STALEMATE AT THE 38TH PARALLEL
Last time, General Paik relayed his encounter with Gen. Douglas MacArthur, who brought much-needed food to the South Korean forces, and described the start of Operation Tomahawk, which brought UN forces to the banks of the Imjin River for a confrontation along the 38th parallel.
A new general takes over
In March of 1951, we were ready to push beyond the 38th parallel. Nevertheless, the political atmosphere in Washington was somewhat different. One could feel the hesitation in the air to finish the job and wipe out the enemy.
President Syngman Rhee and Gen. Douglas MacArthur were on the same page, wanting to go North, but the politicians in Washington and the allies seemed more interested in maintaining the current position along the 38th parallel.
On March 27, Gen. Matthew Ridgway, the 8th Army commander, summoned key commanders to a meeting at his headquarters in Yoju. Most of the U.S. division and corps commanders attended the meeting.
Only five South Korean commanders were present: Chief of Staff Chung Il-kwon, I Corps commander Kim Paik-il, III Corps commander Yu Jae-hung and two division commanders whose units were attached to the U.S. Army Corps - myself and Chang Do-young, who commanded the 6th Division. General Ridgway had brought us together to clarify his intentions in the upcoming operation.

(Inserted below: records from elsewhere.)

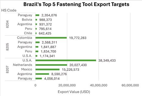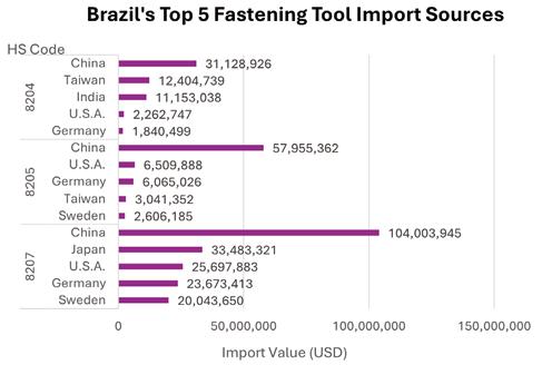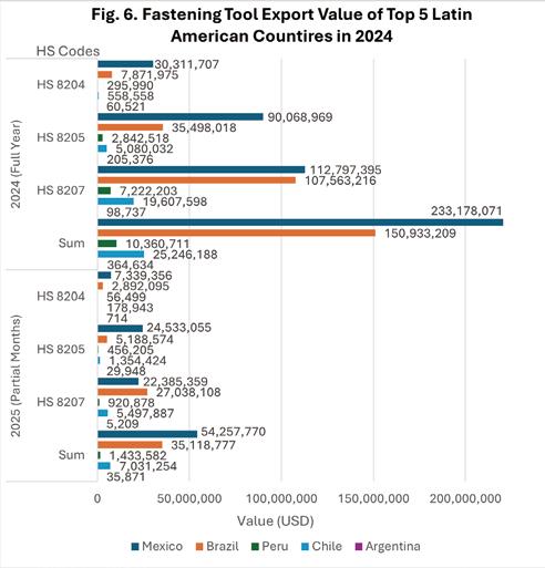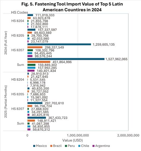 3. China held a significant market share in the Latin American fastening tool market. Against the backdrop of tense US-China relations and the uniform 50% tariffs imposed by the Trump administration on global steel and aluminum products, China is expected to accelerate expanding its market share to diversify market risks, thereby intensifying competition in the Latin American market.
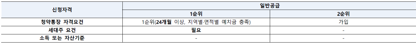 ▷청약통장 자격 요건 : 1순위 (24개월 이상, 지역별/면적별 예치금 충족), 해당 세대의 경우 전용 85㎡이하에 해당
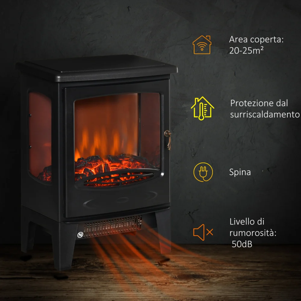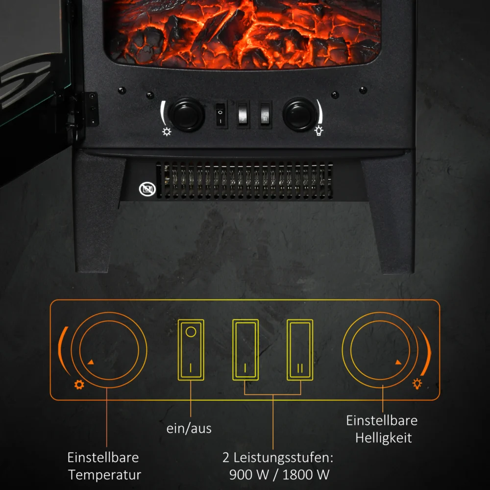 HOMCOM Ηλεκτρικό τζάκι με εφέ φλόγας και 3 ανοιχτές πλευρές ρυθμιζόμενη κάλυψη θερμοκρασίας 20-25m² – Μαύρο 820-222V90BK

“There is no 38th parallel,” the general said. “It’s important to pursue an offensive defense.”
He also mentioned the “Kansas Line,” emphasizing that we needed to secure key defense points along the 38th parallel in case the front cemented itself.
Before returning to my unit, Maj. Gen. Kim Paik-il told me to participate in a photo session with the group. Little did I know that would be the last time I saw him.
When I returned from the meeting, I executed a successful attack directed at the Chinese forces positioned across the Imjin River. We captured some Chinese soldiers, but it was then that an urgent message arrived to inform us that Maj. Gen. Kim Paik-il had just been killed.
After our conference in Yoju, he had been flying back to his headquarters when his aircraft crashed amidst a patch of bad weather in the Daegwallyeong Pass. His body was not recovered until May.
The general had been a close friend, even though he was three years my senior. We served together in the Kando Special Force during World War II. During a general withdrawal from North Korea in December 1950, he played a key role in arranging the safe evacuation of 900,000 refugees by sea despite objections by U.S. military commanders, who feared they would be giving shelter to North Korean spies as well.
Originally, the U.S. forces had planned to move 350,000 tons of supplies to Busan using 193 ships, but nobody had anticipated the masses of refugees.
Since the outbreak of the war, I was the only division commander who had remained in command of the same division, and leaving my men, with whom I had gone through thick and thin, was hard.
Before I left to take command of the new corps, I paid a visit to my boss, Gen. Frank Milburn. He congratulated me and put at my disposal an L-17 plane that would take me to my new command post in Busan.
The promotion also came with the disheartening news that Gen. Douglas MacArthur had been relieved of his command and replaced by General Ridgway, who had been promoted to four star rank. Meanwhile, James A. Van Fleet would replace Ridgway as commander of the U.S. 8th Army.
When President Syngman Rhee pinned the two stars on my uniform he didn’t hide his disappointment about General MacArthur’s dismissal, as it put a dent in his aspirations to unify the Korean Peninsula. It was well known that MacArthur’s view on how the war on the Korean Peninsula should be conducted did not sit well with Washington, which had decided that the war should stay on its current course, namely a stalemate at the 38th parallel without an aggressive push toward the North, much less a unification of the two Koreas.
MacArthur was not thinking about an all-out war with China but he believed in the use of an atomic bomb near the Amnok River to block Chinese forces that would try to aid the North Koreans further.
Thinking back now, MacArthur had spent a considerable amount of time abroad since commanding the raging war in the Pacific. He was surrounded by loyalists from his days in the Philippines and thus access to him was limited. That is why he underestimated the information he received in October 1950 about the Chinese forces and didn’t take the Chinese offensive seriously.
My visit to Busan finally gave me an opportunity to see my family. My wife and our 3-year-old daughter were living in a tiny room. When I walked in, my wife and I both began to cry. My wife had always been small, but the 10 months of war had made her even skinnier. I later found out that she had suffered from typhoid fever.